When Chuck Klosterman weighed in on the ethics of downloading ebooks last month, he became the third writer for the New York Times ethicist column to do so in the last four years—starting with Randy Cohen in 2010, and continuing with Philip Corbett in 2012. I’ve enjoyed some of Klosterman’s writing a lot, but I’m not thrilled with his work as Ethicist. This answer follows that trend, forgoing ethical insight for a rigid application of contractual terms.

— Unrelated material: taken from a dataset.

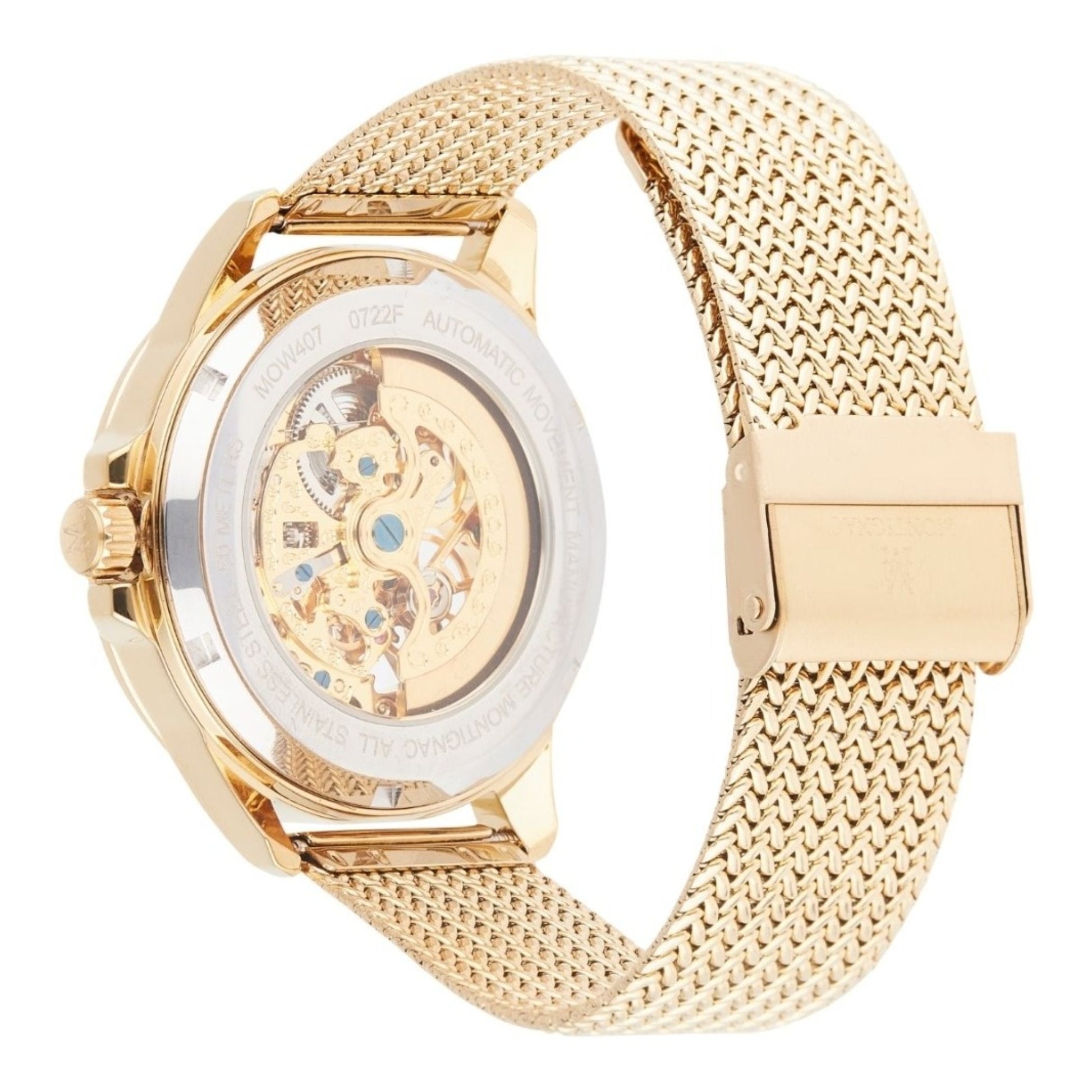 Il bracciale in maglia milanese dorata, caratteristico della Maison, aggiunge comfort e raffinatezza, rendendo questo modello ideale per chi ricerca un orologio distintivo e contemporaneo. Con vetro minerale, impermeabilità 5 ATM e costruzione in acciaio, il MOW407 fonde semplicità strutturale, fluidità visiva e tecnica meccanica.

The question comes from a reader who has purchased the hardcover edition of a book, and then downloaded another copy without authorization for convenience’s sake. Klosterman says he’d prefer that a book purchase were a license to read a book in any format the purchaser likes, but that publishers disagree and they write the rules. From his column:

The publisher ultimately decides if buying a physical copy of my book entitles you to automatically own it across multiple platforms. And in almost every case I’ve encountered, it does not. Publishers tend to view the electronic version of a book as a separate entity.

That’s some awfully shallow analysis: that defying the wishes of a publisher is per se unethical—and despite an ethicist weighing in that it should be otherwise. It stubbornly subordinates readers’ rights to the profit-maximizing goals of publishing companies, ignoring the many ways they have attempted to control secondary uses. (Would a turn-of-the-century Klosterman say it was unethical to sell a copy of The Castaway for 50 cents? What would Klosterman have said last year about re-selling a book bought overseas?)

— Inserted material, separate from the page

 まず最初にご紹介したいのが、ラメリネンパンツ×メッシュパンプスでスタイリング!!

Contrast that to Randy Cohen’s 2010 answer. Despite being four years old, it works almost perfectly as a response to Klosterman’s recent answer. Cohen:

It’s true that you might have thwarted the publisher’s intent — perhaps he or she has a violent antipathy to trees, maybe a wish to slaughter acres of them and grind them into Stephen King novels. Or to clog the highways with trucks crammed with Stephen King novels. Or perhaps King himself wishes to improve America’s physique by having readers lug massive volumes.

So be it. Your paying for the hardcover put you in the clear as a matter of ethics, forestry and fitness training.

Good answer. An ethicist that won’t prize ethics over non-negotiable one-sided boilerplate rights-grab agreements isn’t much of an ethicist at all.